In artikel 2, vierde lid, van het Rechtspositiebesluit staten- en commissieleden is bepaald dat de onkostenvergoeding voor aan de uitoefening van het statenlidmaatschap
verbonden kosten genoemd in het derde lid van artikel 2, per 1 januari van elk jaar wordt herzien aan de hand van de consumentenprijsindex
geldend voor de maand september van het voorafgaande kalenderjaar.

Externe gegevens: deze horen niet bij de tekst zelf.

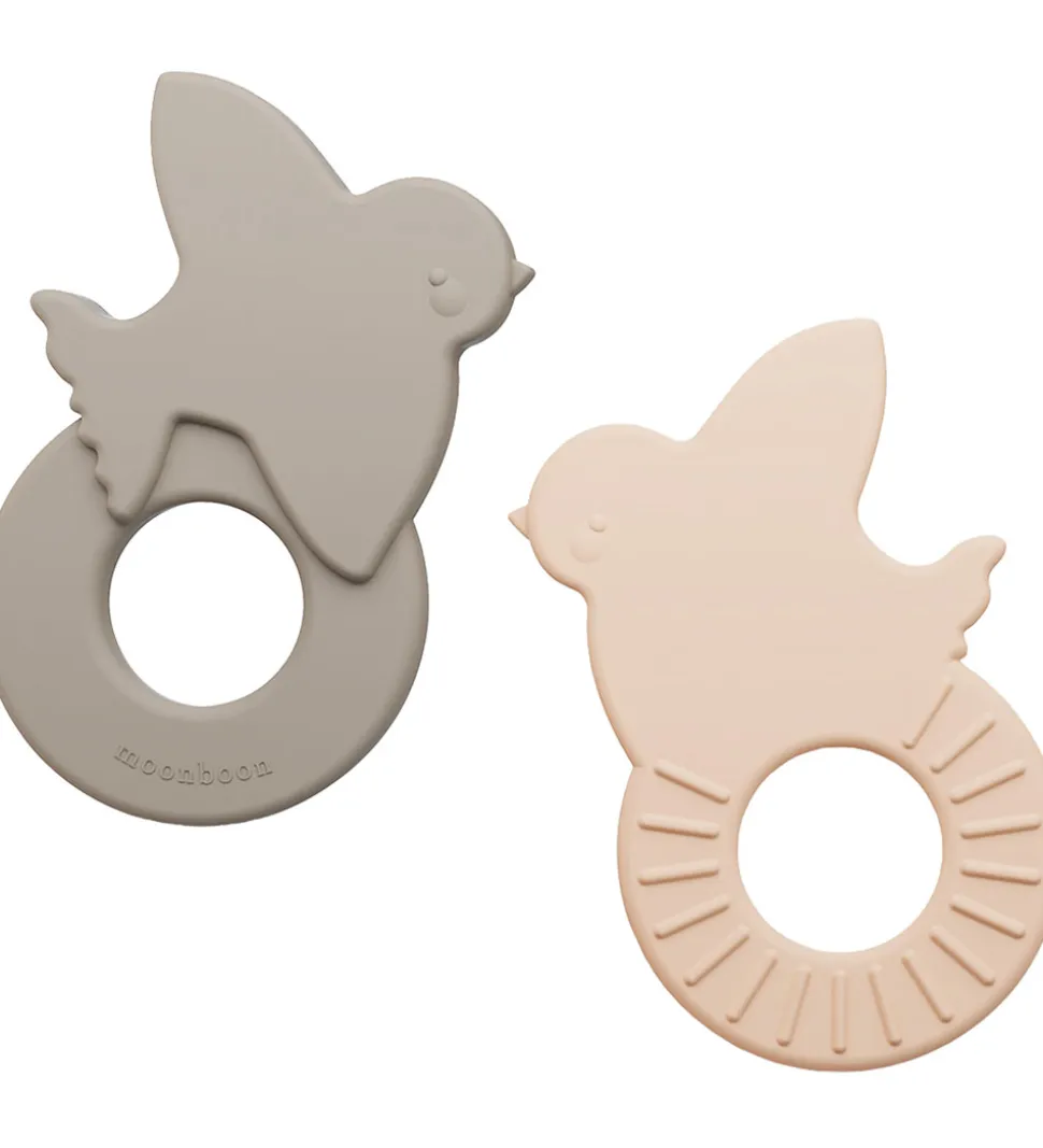 Praktiske Moonboon bideringe solgt i en 2-pak i en flot lys rosa og gråbrun nuance. Bideringene har form som en fugl på toppen.
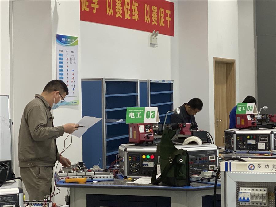 公司選派兩名員工參加本次大賽的電工項目及電氣安裝項目比賽,比賽通過理論知識考試和現(xiàn)場實操考試形式進行,現(xiàn)場實操考試以機電設(shè)備事故處理的形式開展。比賽要求參賽選手在規(guī)定時間內(nèi)完成相同的任務(wù),速度快、操作準、質(zhì)量高者獲勝。
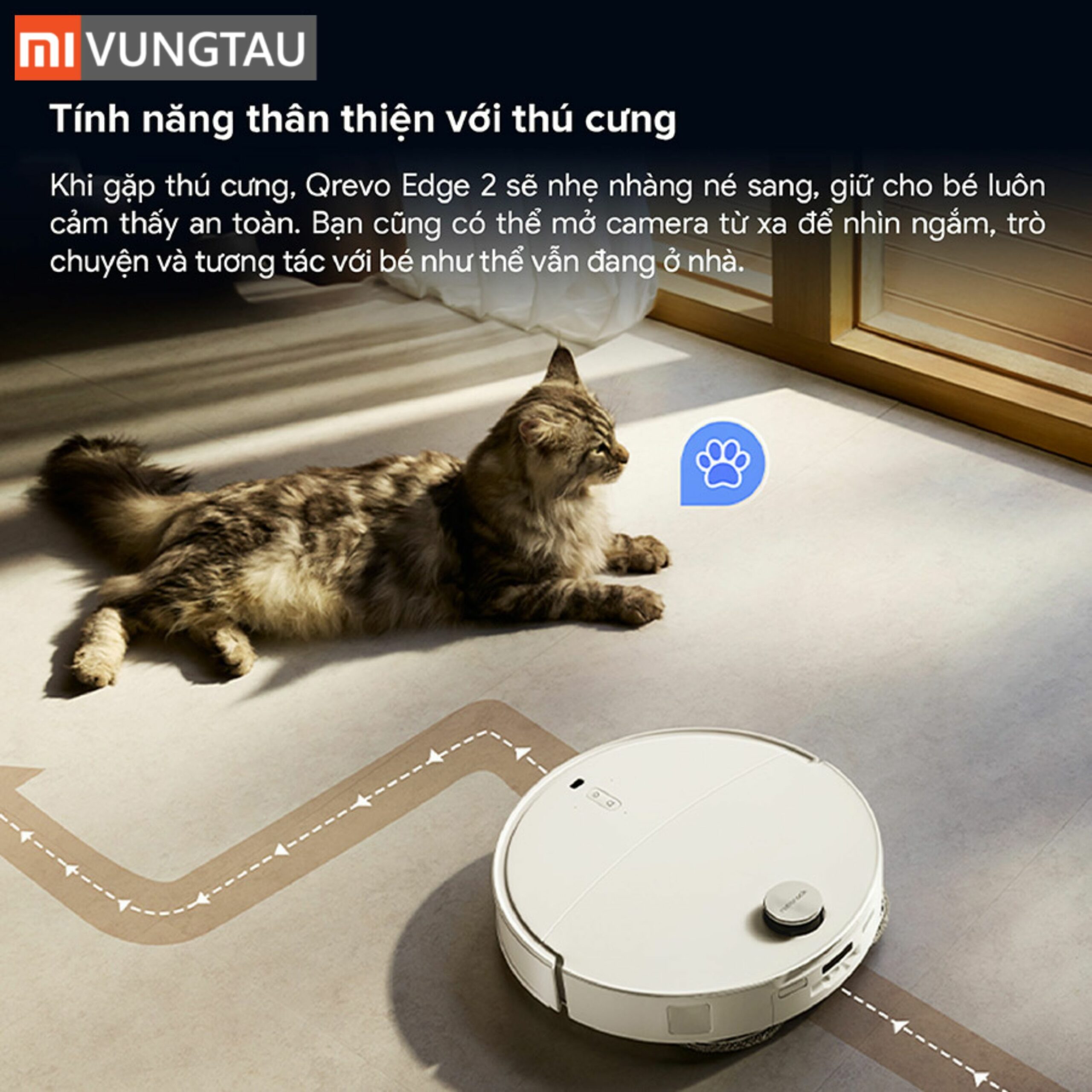 Nhờ khả năng vượt vật cản lên đến 2cm, robot Roborock Qrevo Edge 2 có thể dễ dàng di chuyển qua các gờ cửa hoặc bậc nhỏ giữa các phòng. Điều này giúp quá trình làm sạch diễn ra liên tục, không bị gián đoạn bởi các chướng ngại vật phổ biến trong nhà. Bên cạnh đó, tính năng thân thiện với thú cưng giúp né tránh thú
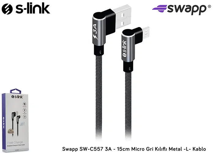 | Etiketler | S-link SW-C557 3A - 15cm Micro Gri Kılıflı Metal -L- Kablo |
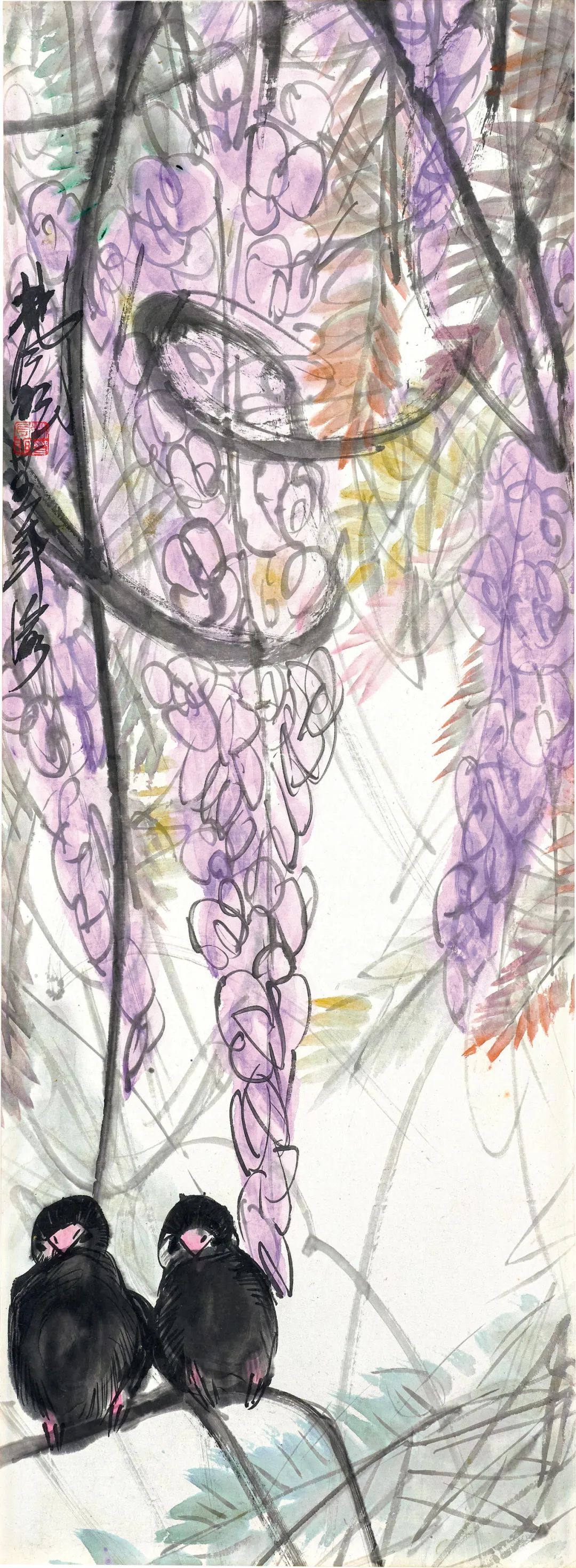 作品采取罕见的直式构图,此形式仅在林风眠1920至1940年代之作常见,足显其珍。林氏以纵贯在线的紫藤为视觉导向,予人一气呵成之感,垂枝如瀑,并稳稳停落于枝头的雀鸟,仿若正轻抚其身,温情满满。而紫藤花朵之形,带着写意的张狂和半抽象的韵味,以圈画法绘就,极尽恣意盎然。
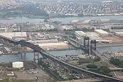 The bridge and its sister, the Lincoln Highway Hackensack River Bridge are important components in the transportation of goods in the Port of New York and New Jersey. Since the nearby Pulaski Skyway prohibits trucks they often use Route 1/9 Truck to serve traffic at Port Newark, Newark Airport, the Holland Tunnel and the numerous intermodal freight transport facilities in the New Jersey Meadowlands. The NJDOT is considering building a new bridge along the alignment of the now defunct PD Draw, the former Newark and New York Branch bridge at mile point 1.2.[13][14][15] Studies are being conducted as part of an extensive project conceived to facilitate freight transshipment through the port known as Portway. A new bridge could include a rail component. The dual bridge combination would allow for two one-way crossings of the Passaic.[16]
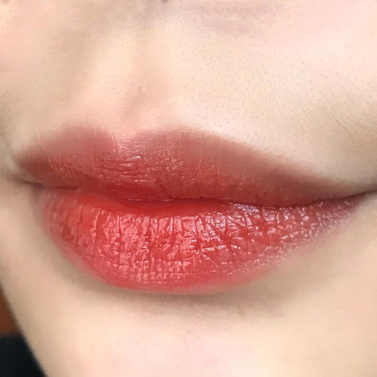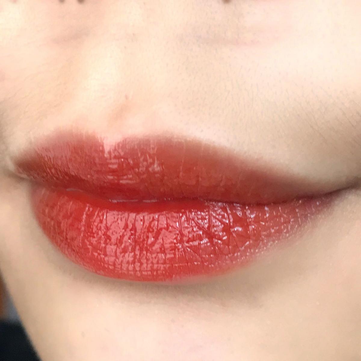 厚塗之後明顯比薄塗還要紅 水亮的感覺也比較明顯了 日常淡妝可以選這隻黃皮可收 黑皮不建議!

De consumentenprijsindex voor 2013 is bepaald op 115,46. Voor 2012 was dit indexcijfer
112,70. Een verhoging van 2,4%. Dit betekent dat het bedrag van de onkostenvergoeding
statenleden per 1 januari 2014 wordt verhoogd met 2,4%.
Kiest uw provincie wel voor de werkkostenregeling dan geldt het volgende.
Met ingang van 1 januari 2014 bedraagt de onkostenvergoeding genoemd in artikel 2, derde lid, mede gezien artikel 12a, aanhef en onder a, van het Rechtspositiebesluit staten- en commissieleden voor de onkostenvergoeding voor aan de uitoefening van het statenlidmaatschap verbonden
kosten € 93,12. Ook ingeval van een fictieve dienstbetrekking bedraagt deze onkostenvergoeding
€ 93,12.
Voor uw informatie meld ik u ook het bedrag van de onkostenvergoeding als uw provincie
nog niet kiest voor de werkkostenregeling.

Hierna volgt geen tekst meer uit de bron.